在上一篇文章中，您可能还记得describe（）函数。以下代码使用它来计算国家/地区收入变量的描述性统计数据。

TM.groupby('Country')['Income'].describe()

Here is an abbreviated result.

这是一个缩写结果。

Country              
Australia       count      3591.000000
                mean      64338.624339
                std       31829.998608
                min       10000.000000
                25%       40000.000000
                50%       70000.000000
                75%       80000.000000
                max      170000.000000
Canada          count      1571.000000
                mean      57167.409293
                std       20251.523043

You can use the unstack() function to get a tabular result:

您可以使用unstack（）函数获取表格结果：

TM.groupby('Country')['Income'].describe().unstack()

Here is the narrowed tabular result.

这是缩小的表格结果。

                 count          mean           std
Country                                           
Australia       3591.0  64338.624339  31829.998608
Canada          1571.0  57167.409293  20251.523043
France          1810.0  35762.430939  27277.395389
Germany         1780.0  42943.820225  35493.583662
United Kingdom  1913.0  52169.367486  48431.988315
United States   7819.0  63616.830797  25706.482289

You can use the SQL aggregate() function to calculate multiple aggregates on multiple columns at the same time. The agg() is a synonym for the SQL aggregate(). Look at the following example.

您可以使用SQL Aggregate（）函数同时计算多个列上的多个聚合。 agg（）是SQL Aggregate（）的同义词。看下面的例子。

TM.groupby('Country').aggregate({'Income': 'std',
                                 'Cars':'mean'})
TM.groupby('Country').agg({'Income': ['max', 'mean'],
                           'Cars':['sum', 'count']})

The first call calculates a single SQL aggregate for two variables. The second call calculates two aggregates for two variables.

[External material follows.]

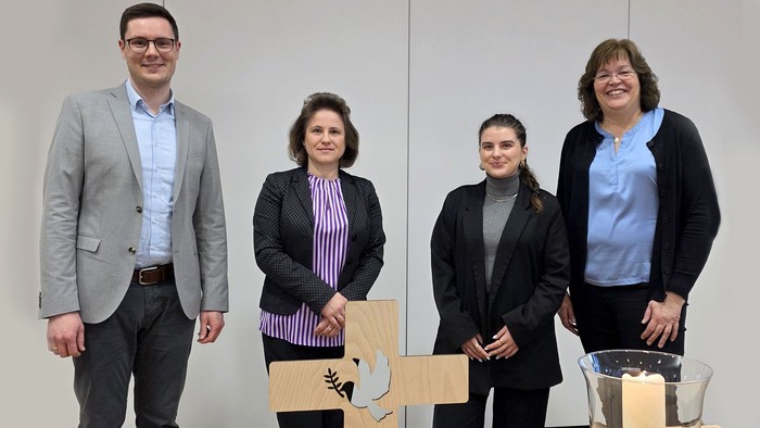 Recklinghausen - Im Anschluss an die Andacht für die Mitarbeitenden im Haus des Kirchenkreises stellte der stellv. Verwaltungsleiter Timo Müller (li.) Frau Natalia Komar (Foto: 2. von links) als neue Kollegin offiziell vor. Frau Komar ist seit dem 1. Februar 2026 im Kreiskirchenamt im Bereich Meldewesen tätig und wird dort von Delia Murawski eingearbeitet, die in naher Zukunft nach über 30 Jahren Dienst in den wohlverdienten Ruhestand verabschiedet wird.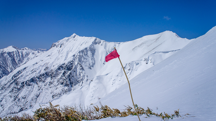 雪の残っている間に踏むぞ、あの二つのピークを踏むぞと決めた

Here is the result of the second call.

第一个调用为两个变量计算单个SQL聚合。第二个调用为两个变量计算两个聚合。这是第二次通话的结果。

                 Cars          Income              
                  sum count       max          mean
Country                                            
Australia        6863  3591  170000.0  64338.624339
Canada           2300  1571  170000.0  57167.409293
France           2259  1810  110000.0  35762.430939
Germany          2162  1780  130000.0  42943.820225
United Kingdom   2325  1913  170000.0  52169.367486
United States   11867  7819  170000.0  63616.830797

You might dislike the form of the previous result because the names of the columns are written in two different rows. You might want to flatten the names to a single word for a column. You can use the numpy ravel() function to latten the array of the column names and then concatenate them to a single name, like the following code shows.

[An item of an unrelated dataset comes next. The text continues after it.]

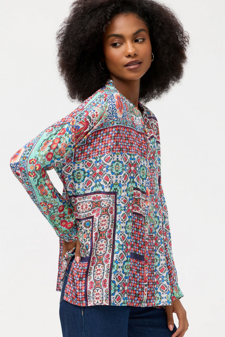Crafted from 100% luxurious silk, the Audrey Oversized Blouse offers striking color with a relaxed feel. Featuring a unique mix of vibrant florals and bold stripes in an oversized fit, this blouse is equal parts comfort and luxury. Pair with skinny jeans and stylish flats for a complete ensemble.

您可能不喜欢上一个结果的形式，因为列的名称写在两个不同的行中。您可能希望将名称拼合为一个列的单个单词。您可以使用numpy ravel（）函数对列名称的数组进行latten，然后将它们连接为单个名称，如以下代码所示。

# Renaming the columns
IncCars = TM.groupby('Country').aggregate(
    {'Income': ['max', 'mean'],
     'Cars':['sum', 'count']})
# IncCars
# Ravel function
# IncCars.columns
# IncCars.columns.ravel()
# Renaming
IncCars.columns = ["_".join(x) for x in IncCars.columns.ravel()]
# IncCars.columns
IncCars

You can also try to execute the commented code to get the understanding how the ravel() function works step by step. Anyway, here is the final result.

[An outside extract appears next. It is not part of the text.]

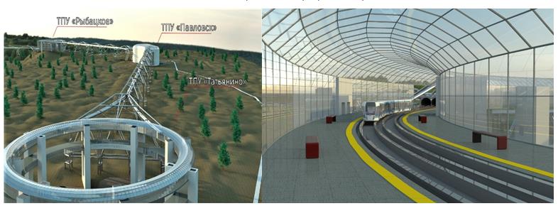 Рис. 3. Визуализация участка ВСТМ с ТПУ «Татьянино» (Гатчина) и интерьер перрона с пассажирским составом на разворотном кольце ТПУ «Татьянино»

您也可以尝试执行注释的代码，以逐步了解ravel（）函数的工作方式。无论如何，这是最终结果。

                Cars_sum  Cars_count  Income_max   Income_mean
Country                                                       
Australia           6863        3591    170000.0  64338.624339
Canada              2300        1571    170000.0  57167.409293
France              2259        1810    110000.0  35762.430939
Germany             2162        1780    130000.0  42943.820225
United Kingdom      2325        1913    170000.0  52169.367486
United States      11867        7819    170000.0  63616.830797

For a nice end, let me show you the results also graphically.

为了取得良好的效果，让我以图形方式向您显示结果。

IncCars[['Cars_sum','Cars_count']].plot()
plt.show()

And here is the graph.

这是图形。

结论 (Conclusion)

I will finish with aggregations in this data science series for now. However, I am not done with data preparation yet. You will learn about other problems and solutions in the forthcoming data science articles.

现在，我将结束本数据科学系列的汇总。但是，我还没有完成数据准备。您将在即将发表的数据科学文章中了解其他问题和解决方案。